-------- DATASET --------

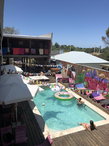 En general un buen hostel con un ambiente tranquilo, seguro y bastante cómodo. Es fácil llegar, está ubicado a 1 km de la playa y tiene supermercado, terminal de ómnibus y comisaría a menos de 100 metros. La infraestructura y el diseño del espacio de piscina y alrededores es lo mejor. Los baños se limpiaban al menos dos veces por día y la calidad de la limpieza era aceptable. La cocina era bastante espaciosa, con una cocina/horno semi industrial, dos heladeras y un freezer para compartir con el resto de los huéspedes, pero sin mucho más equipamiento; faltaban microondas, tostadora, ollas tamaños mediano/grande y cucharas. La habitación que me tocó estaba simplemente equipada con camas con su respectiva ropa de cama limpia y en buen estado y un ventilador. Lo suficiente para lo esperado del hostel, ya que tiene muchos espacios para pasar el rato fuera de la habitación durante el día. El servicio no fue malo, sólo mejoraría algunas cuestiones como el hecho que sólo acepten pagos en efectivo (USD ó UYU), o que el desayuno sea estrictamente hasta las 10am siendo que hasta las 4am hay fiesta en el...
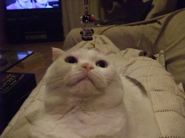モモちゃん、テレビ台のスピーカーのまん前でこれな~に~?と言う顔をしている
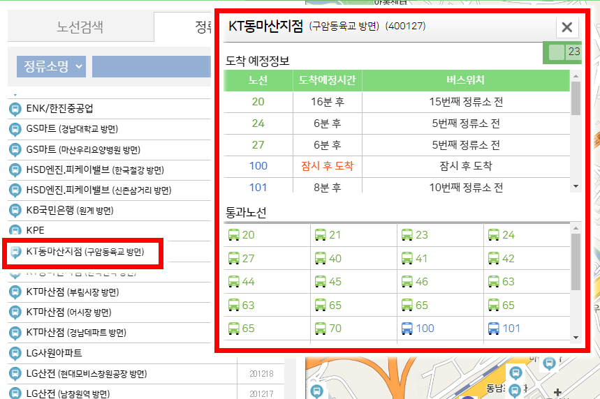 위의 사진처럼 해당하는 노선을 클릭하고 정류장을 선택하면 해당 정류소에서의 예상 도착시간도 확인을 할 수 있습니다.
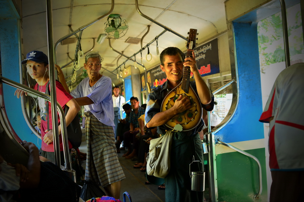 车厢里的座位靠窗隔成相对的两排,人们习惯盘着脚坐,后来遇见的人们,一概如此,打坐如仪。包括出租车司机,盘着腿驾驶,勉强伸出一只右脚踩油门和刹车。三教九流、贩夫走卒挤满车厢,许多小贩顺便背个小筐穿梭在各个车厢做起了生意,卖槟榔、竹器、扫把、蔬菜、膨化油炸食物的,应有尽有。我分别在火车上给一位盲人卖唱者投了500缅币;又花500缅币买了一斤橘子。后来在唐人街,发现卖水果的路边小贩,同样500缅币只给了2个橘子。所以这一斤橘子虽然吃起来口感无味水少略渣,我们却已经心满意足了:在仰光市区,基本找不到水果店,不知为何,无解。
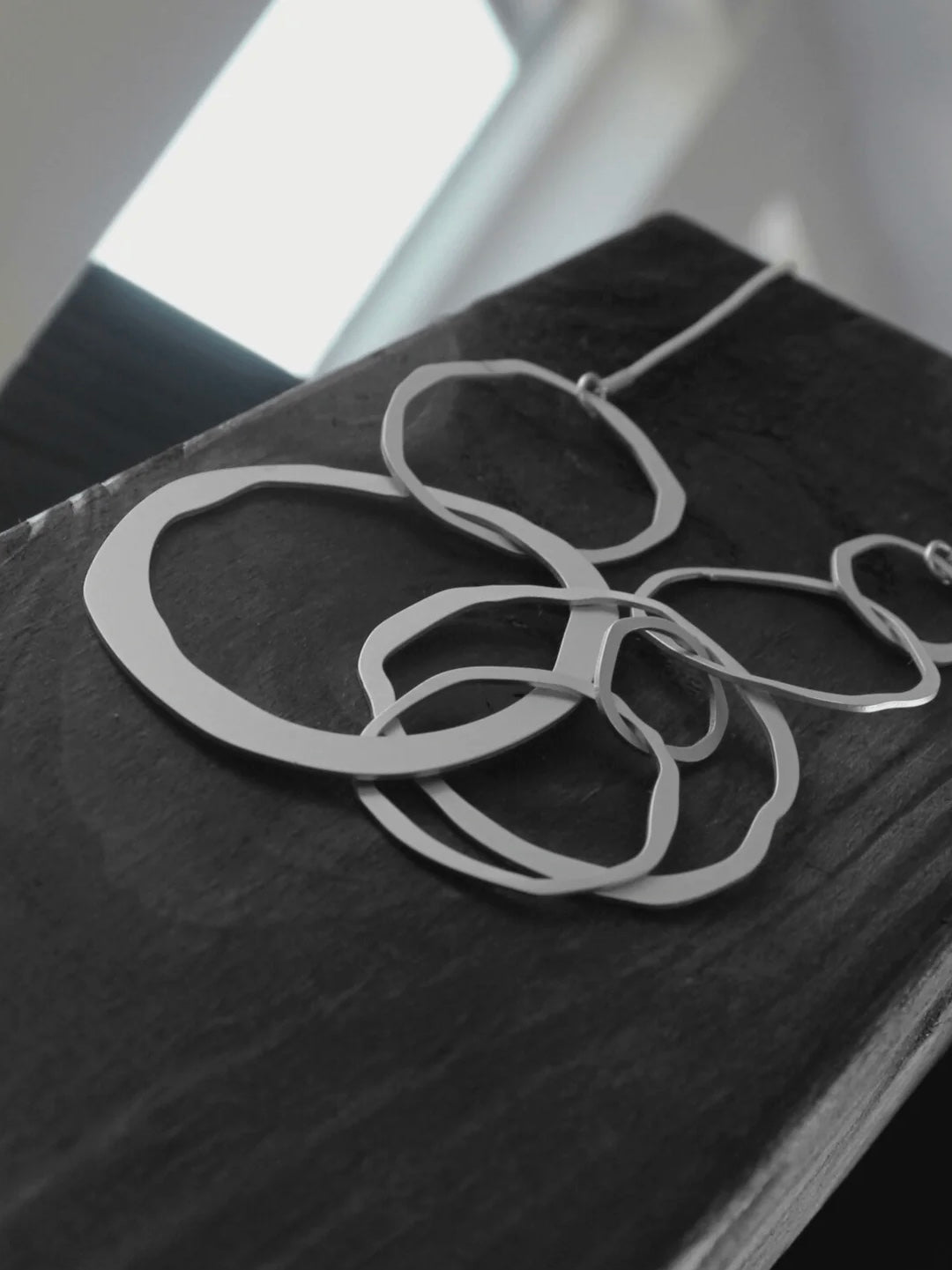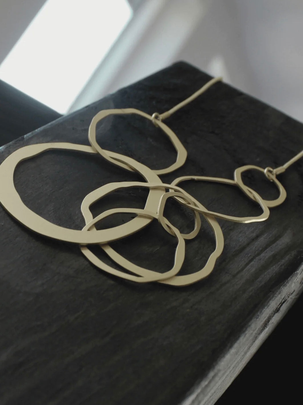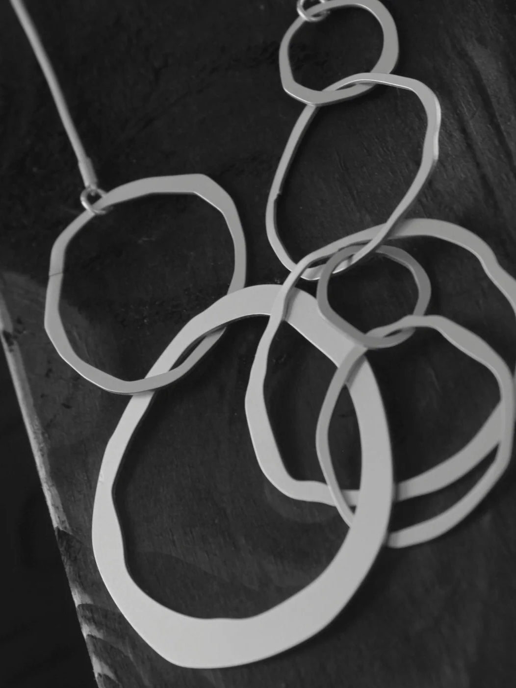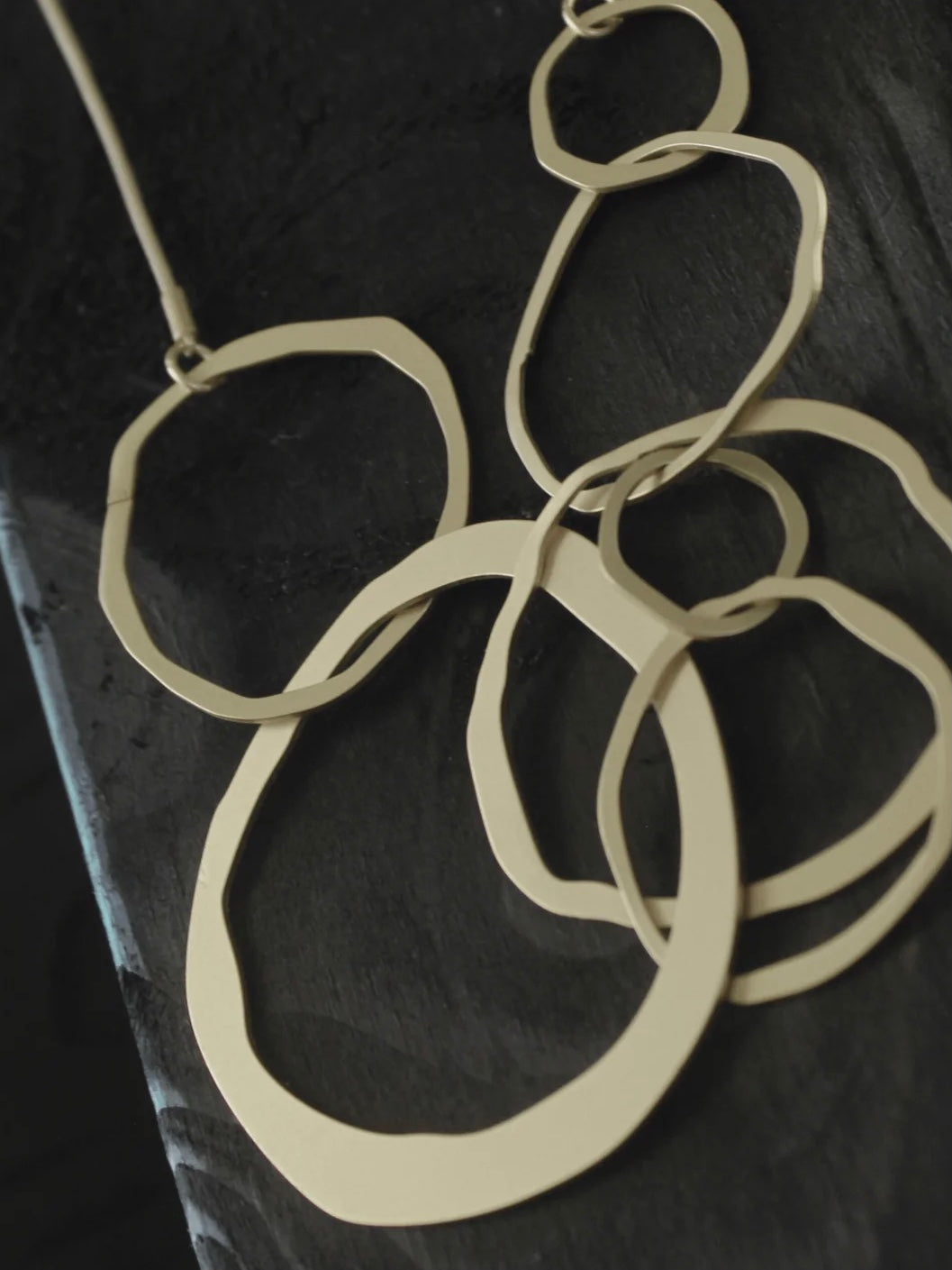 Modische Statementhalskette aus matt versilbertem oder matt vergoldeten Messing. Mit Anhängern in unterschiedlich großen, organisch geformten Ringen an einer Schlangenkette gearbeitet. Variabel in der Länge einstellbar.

--------

> EXERCISE DIRECTIONS
Copy verbatim the span that begins at the line containing "위의 사진처럼 해당하는" and ends at the last line of the material, inclusive of both; exclude pictures.

> EXERCISE ANSWER
 위의 사진처럼 해당하는 노선을 클릭하고 정류장을 선택하면 해당 정류소에서의 예상 도착시간도 확인을 할 수 있습니다.
 车厢里的座位靠窗隔成相对的两排,人们习惯盘着脚坐,后来遇见的人们,一概如此,打坐如仪。包括出租车司机,盘着腿驾驶,勉强伸出一只右脚踩油门和刹车。三教九流、贩夫走卒挤满车厢,许多小贩顺便背个小筐穿梭在各个车厢做起了生意,卖槟榔、竹器、扫把、蔬菜、膨化油炸食物的,应有尽有。我分别在火车上给一位盲人卖唱者投了500缅币;又花500缅币买了一斤橘子。后来在唐人街,发现卖水果的路边小贩,同样500缅币只给了2个橘子。所以这一斤橘子虽然吃起来口感无味水少略渣,我们却已经心满意足了:在仰光市区,基本找不到水果店,不知为何,无解。
 Modische Statementhalskette aus matt versilbertem oder matt vergoldeten Messing. Mit Anhängern in unterschiedlich großen, organisch geformten Ringen an einer Schlangenkette gearbeitet. Variabel in der Länge einstellbar.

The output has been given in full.